*** Opening of Information provided ***
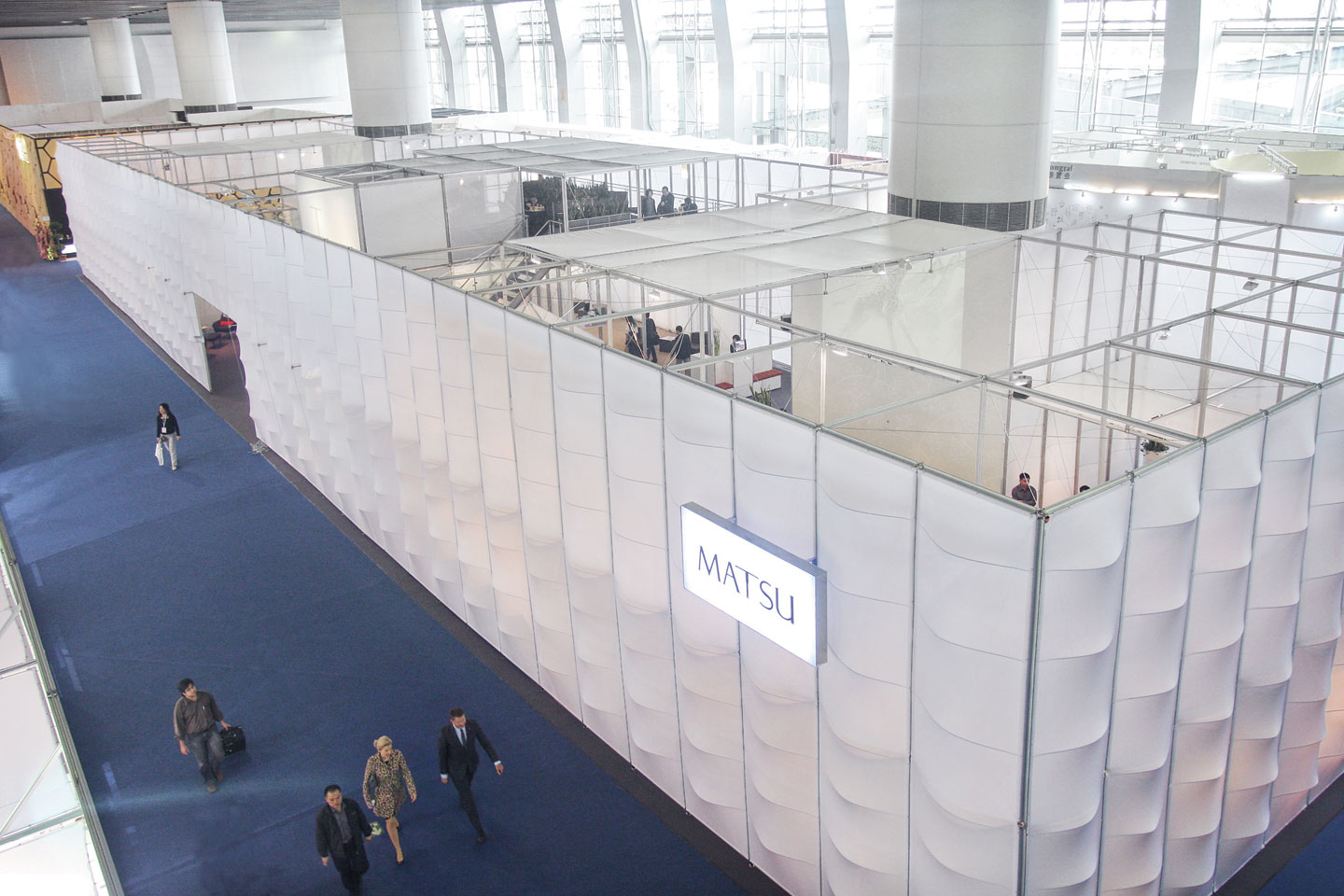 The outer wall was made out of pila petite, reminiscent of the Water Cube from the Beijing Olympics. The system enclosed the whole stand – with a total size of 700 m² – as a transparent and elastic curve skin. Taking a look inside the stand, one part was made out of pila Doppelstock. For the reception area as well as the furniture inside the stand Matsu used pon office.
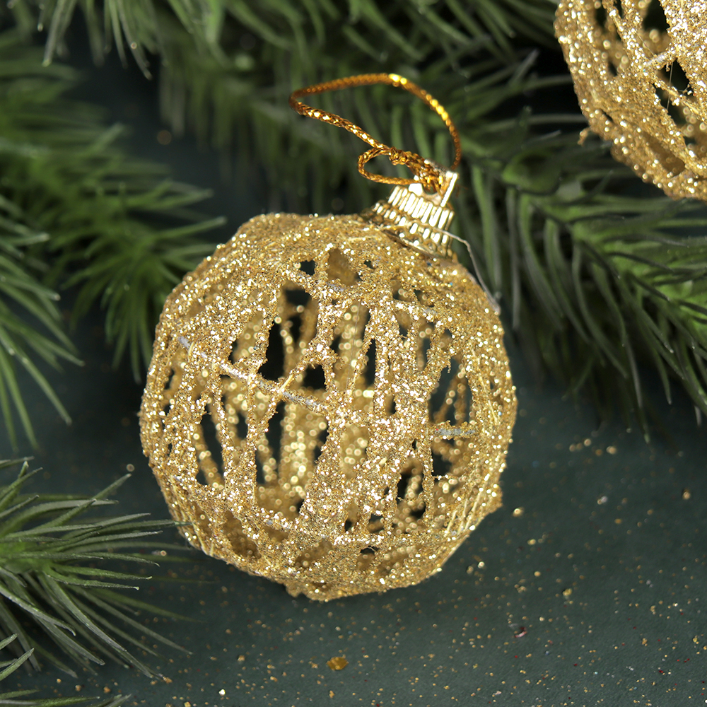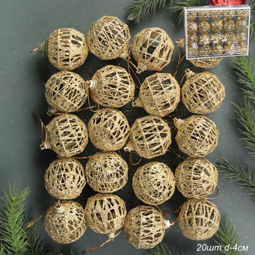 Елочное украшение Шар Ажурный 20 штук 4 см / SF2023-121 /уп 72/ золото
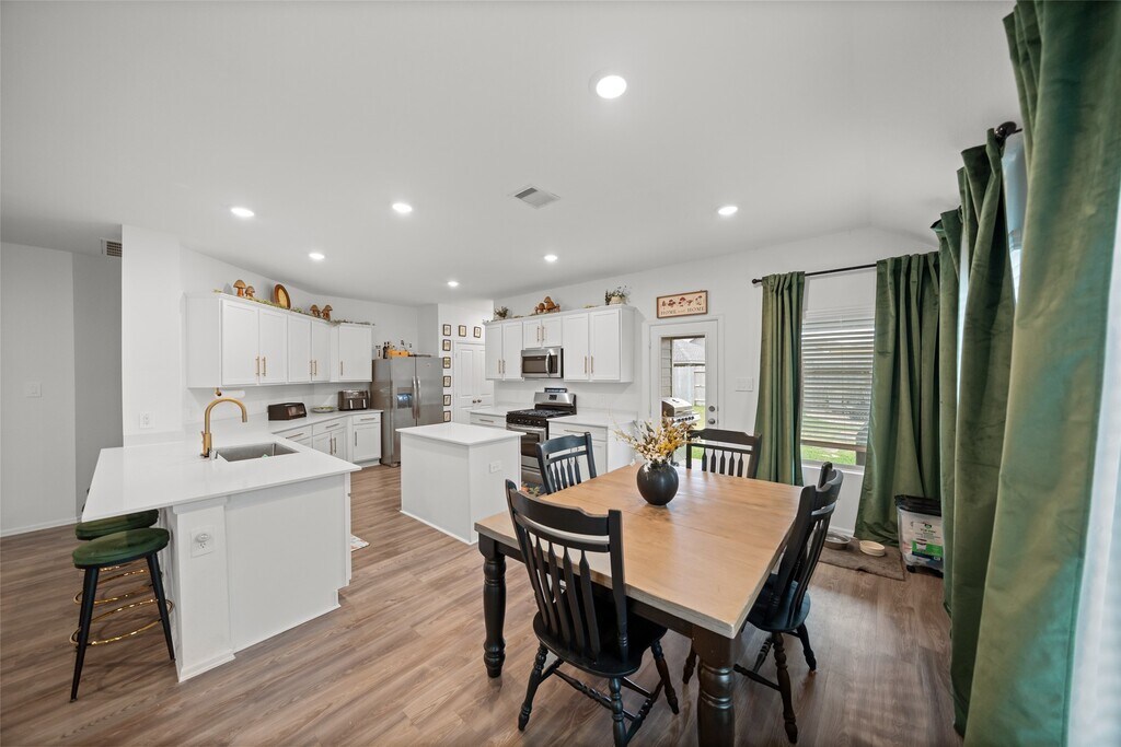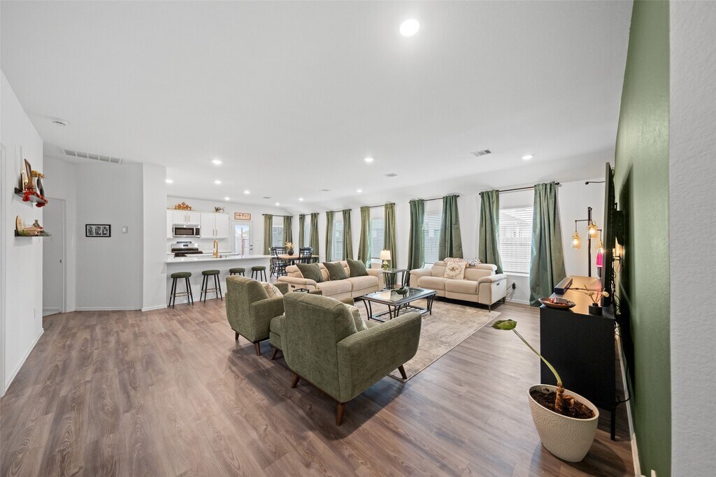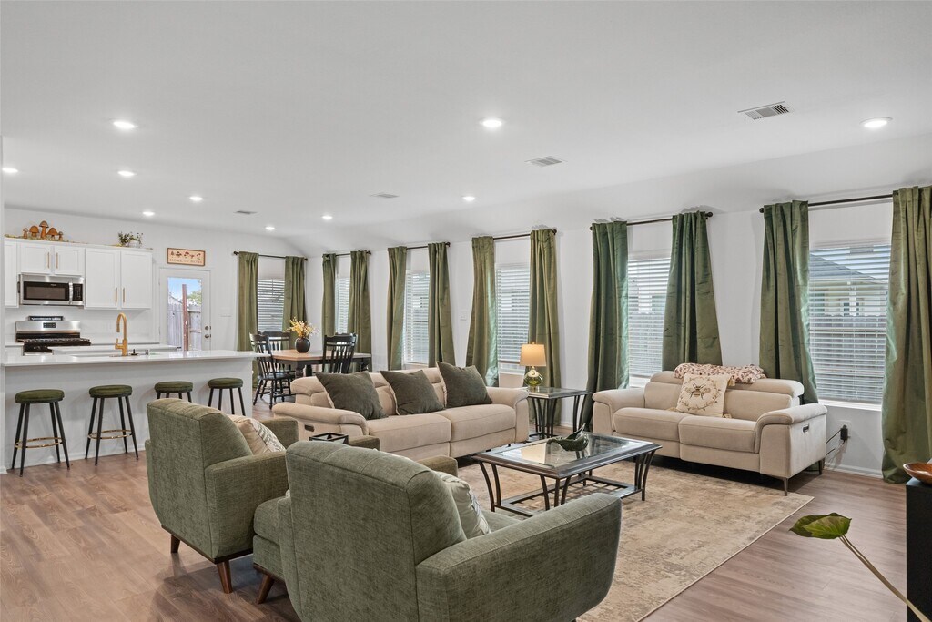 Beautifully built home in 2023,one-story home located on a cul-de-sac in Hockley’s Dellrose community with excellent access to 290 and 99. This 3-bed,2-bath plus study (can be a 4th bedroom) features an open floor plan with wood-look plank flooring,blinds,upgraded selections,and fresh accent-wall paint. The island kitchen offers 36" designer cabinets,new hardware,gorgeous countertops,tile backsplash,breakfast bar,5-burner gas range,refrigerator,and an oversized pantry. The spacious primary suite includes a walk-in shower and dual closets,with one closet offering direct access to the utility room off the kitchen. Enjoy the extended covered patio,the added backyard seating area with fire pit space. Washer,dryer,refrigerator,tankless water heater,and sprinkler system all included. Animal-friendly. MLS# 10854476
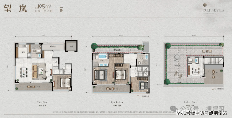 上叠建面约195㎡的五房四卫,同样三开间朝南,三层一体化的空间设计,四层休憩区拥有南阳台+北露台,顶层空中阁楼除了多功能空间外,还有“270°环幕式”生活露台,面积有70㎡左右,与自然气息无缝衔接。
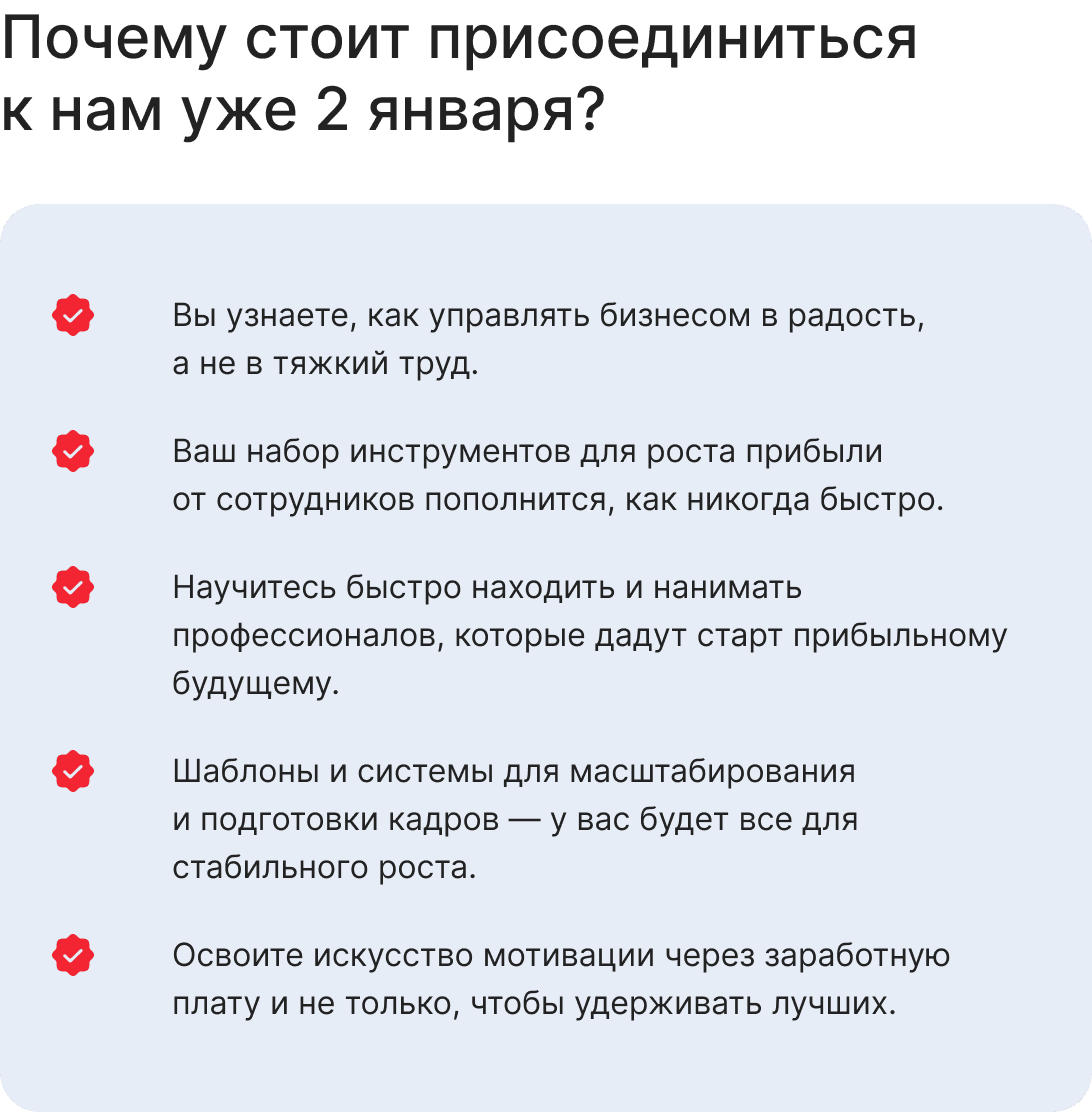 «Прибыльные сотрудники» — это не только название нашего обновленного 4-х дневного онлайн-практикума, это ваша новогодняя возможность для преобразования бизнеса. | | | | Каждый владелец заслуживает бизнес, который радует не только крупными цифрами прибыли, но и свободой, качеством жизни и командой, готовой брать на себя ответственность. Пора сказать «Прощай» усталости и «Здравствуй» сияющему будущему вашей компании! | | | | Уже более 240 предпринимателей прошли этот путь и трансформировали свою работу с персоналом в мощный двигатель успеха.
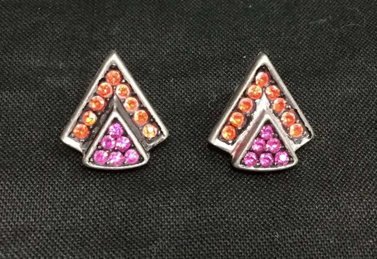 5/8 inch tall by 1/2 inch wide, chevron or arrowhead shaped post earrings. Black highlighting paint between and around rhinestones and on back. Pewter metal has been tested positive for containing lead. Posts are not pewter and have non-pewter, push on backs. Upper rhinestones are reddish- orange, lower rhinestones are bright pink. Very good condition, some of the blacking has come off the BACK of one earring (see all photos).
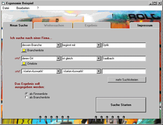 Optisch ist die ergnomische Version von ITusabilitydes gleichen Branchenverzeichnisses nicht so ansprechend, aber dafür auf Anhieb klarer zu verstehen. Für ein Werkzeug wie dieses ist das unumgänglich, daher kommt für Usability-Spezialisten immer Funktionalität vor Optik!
*** Close of Information provided ***
Activity. Would you return the entries verbatim, minus any images?

Answer box.
 The outer wall was made out of pila petite, reminiscent of the Water Cube from the Beijing Olympics. The system enclosed the whole stand – with a total size of 700 m² – as a transparent and elastic curve skin. Taking a look inside the stand, one part was made out of pila Doppelstock. For the reception area as well as the furniture inside the stand Matsu used pon office.
 Елочное украшение Шар Ажурный 20 штук 4 см / SF2023-121 /уп 72/ золото
 Beautifully built home in 2023,one-story home located on a cul-de-sac in Hockley’s Dellrose community with excellent access to 290 and 99. This 3-bed,2-bath plus study (can be a 4th bedroom) features an open floor plan with wood-look plank flooring,blinds,upgraded selections,and fresh accent-wall paint. The island kitchen offers 36" designer cabinets,new hardware,gorgeous countertops,tile backsplash,breakfast bar,5-burner gas range,refrigerator,and an oversized pantry. The spacious primary suite includes a walk-in shower and dual closets,with one closet offering direct access to the utility room off the kitchen. Enjoy the extended covered patio,the added backyard seating area with fire pit space. Washer,dryer,refrigerator,tankless water heater,and sprinkler system all included. Animal-friendly. MLS# 10854476
 上叠建面约195㎡的五房四卫,同样三开间朝南,三层一体化的空间设计,四层休憩区拥有南阳台+北露台,顶层空中阁楼除了多功能空间外,还有“270°环幕式”生活露台,面积有70㎡左右,与自然气息无缝衔接。
 «Прибыльные сотрудники» — это не только название нашего обновленного 4-х дневного онлайн-практикума, это ваша новогодняя возможность для преобразования бизнеса. | | | | Каждый владелец заслуживает бизнес, который радует не только крупными цифрами прибыли, но и свободой, качеством жизни и командой, готовой брать на себя ответственность. Пора сказать «Прощай» усталости и «Здравствуй» сияющему будущему вашей компании! | | | | Уже более 240 предпринимателей прошли этот путь и трансформировали свою работу с персоналом в мощный двигатель успеха.
 5/8 inch tall by 1/2 inch wide, chevron or arrowhead shaped post earrings. Black highlighting paint between and around rhinestones and on back. Pewter metal has been tested positive for containing lead. Posts are not pewter and have non-pewter, push on backs. Upper rhinestones are reddish- orange, lower rhinestones are bright pink. Very good condition, some of the blacking has come off the BACK of one earring (see all photos).
 Optisch ist die ergnomische Version von ITusabilitydes gleichen Branchenverzeichnisses nicht so ansprechend, aber dafür auf Anhieb klarer zu verstehen. Für ein Werkzeug wie dieses ist das unumgänglich, daher kommt für Usability-Spezialisten immer Funktionalität vor Optik!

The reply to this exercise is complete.